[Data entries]
###
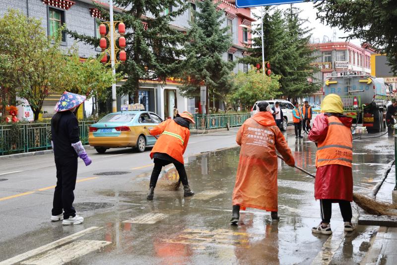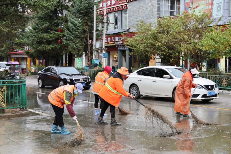 為盡快恢復(fù)城區(qū)潔凈容貌,香格里拉市和祥環(huán)??萍加邢挢?zé)任公司立即組織環(huán)衛(wèi)工人30名,抽調(diào)高壓水車2輛、掃地車4輛,積極開展道路清淤工作,同時對下水道水口周邊的樹枝、雜物等進行清理清運。經(jīng)過近五小時的連續(xù)作業(yè),成功恢復(fù)道路暢通整潔。
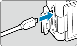 - Zapojte zástrčku kábla do konektora digitálneho rozhrania na fotoaparáte (USB Micro-B).
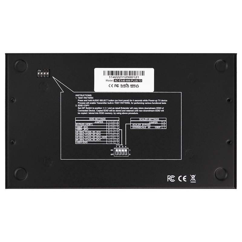 Bandwidth-Adaptable Output Configuration: The AC-EX40-444-PLUS-KIT is designed for up to 18Gbps uncompressed video transport however, if an existing wiring infrastructure proves insufficient for passing 18Gbps, our Invisible Compression Technology (ICT) can be selected for use by a toggle switch, reducing output bandwidth to 10.2Gbps for content display.
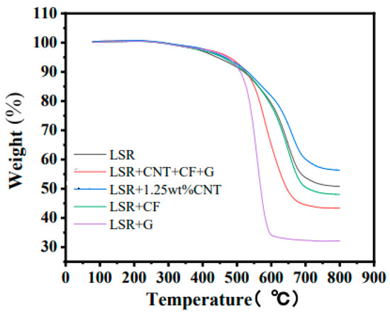 - Thermogravimetric analysis showed that the heat resistance of LSR/CNT/CF/G was better than that of LSR/CF, LSR/G, LSR/CNT, and pure LSR, and the initial decomposition temperature reached 476.8 °C.
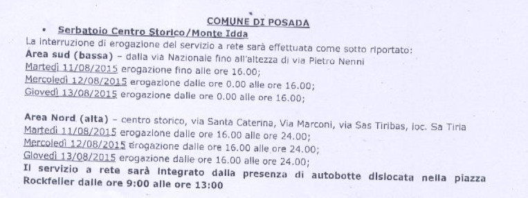 Aggiornamento del 12 agosto: Abbanoa ha comunicato la fine dell'emergenza a Siniscola e il suo perdurare a Posada. Il servizio autobotte sarà trasferito presso la piazza Sardegna della borgata di San Giovanni di Posada.
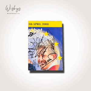 Step into the world of golf legends with this rare signed poster from the 2000 Eurobet Seve Ballesteros Trophy Pro Am. An embodiment of camaraderie and competition, this event celebrated the European golfing spirit and honours the legacy of the indomitable Seve Ballesteros. Held at Sunningdale Golf Club, this inaugural tournament was more than just a game; it was a testament to sportsmanship and a gathering of Europe’s finest drivers, chip shots, and putts. For seasoned fans and new admirers alike, the poster encapsulates a golden era of golf, drawing together titans who left an indelible mark on the sport.
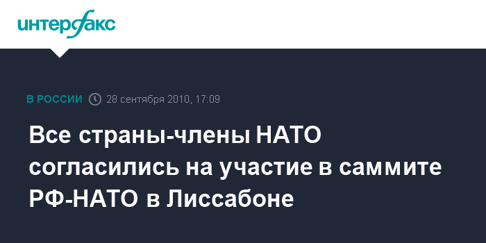 Все страны-члены НАТО согласились на участие в саммите РФ-НАТО в Лиссабоне
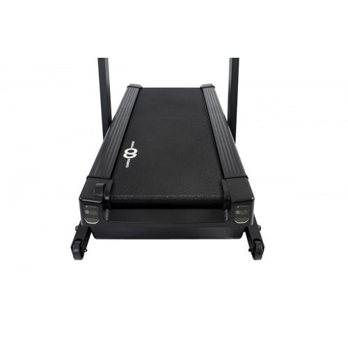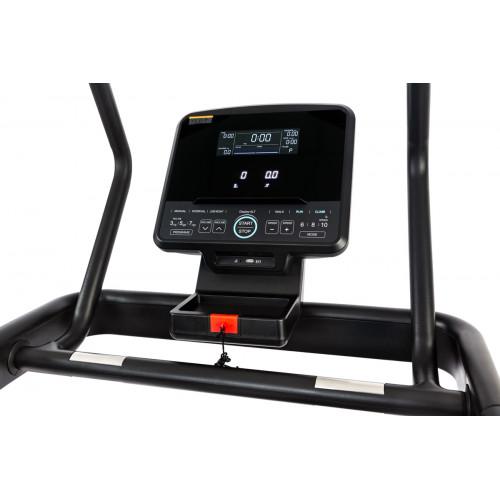 Модель оснащена транспортировочными колесами. Усиленная MFD дека с системой эластомеров и антискользящие боковые направляющие обеспечивают безопасность и высокий комфорт тренировок, снижая ударную нагрузку на суставы и позвоночник. Интуитивно понятный информативный LED дисплей позволяет легко и удобно управлять беговой дорожкой. На экране в отдельных окнах можно следить за временем, пройденной дистанцией, потраченными калориями, скоростью и пульсом.
###
Problem to solve>
The output must match, line for line, the span from the line containing "- Thermogravimetric analysis" through the end of the data, with the pictures removed.

Result below>
 - Thermogravimetric analysis showed that the heat resistance of LSR/CNT/CF/G was better than that of LSR/CF, LSR/G, LSR/CNT, and pure LSR, and the initial decomposition temperature reached 476.8 °C.
 Aggiornamento del 12 agosto: Abbanoa ha comunicato la fine dell'emergenza a Siniscola e il suo perdurare a Posada. Il servizio autobotte sarà trasferito presso la piazza Sardegna della borgata di San Giovanni di Posada.
 Step into the world of golf legends with this rare signed poster from the 2000 Eurobet Seve Ballesteros Trophy Pro Am. An embodiment of camaraderie and competition, this event celebrated the European golfing spirit and honours the legacy of the indomitable Seve Ballesteros. Held at Sunningdale Golf Club, this inaugural tournament was more than just a game; it was a testament to sportsmanship and a gathering of Europe’s finest drivers, chip shots, and putts. For seasoned fans and new admirers alike, the poster encapsulates a golden era of golf, drawing together titans who left an indelible mark on the sport.
 Все страны-члены НАТО согласились на участие в саммите РФ-НАТО в Лиссабоне
 Модель оснащена транспортировочными колесами. Усиленная MFD дека с системой эластомеров и антискользящие боковые направляющие обеспечивают безопасность и высокий комфорт тренировок, снижая ударную нагрузку на суставы и позвоночник. Интуитивно понятный информативный LED дисплей позволяет легко и удобно управлять беговой дорожкой. На экране в отдельных окнах можно следить за временем, пройденной дистанцией, потраченными калориями, скоростью и пульсом.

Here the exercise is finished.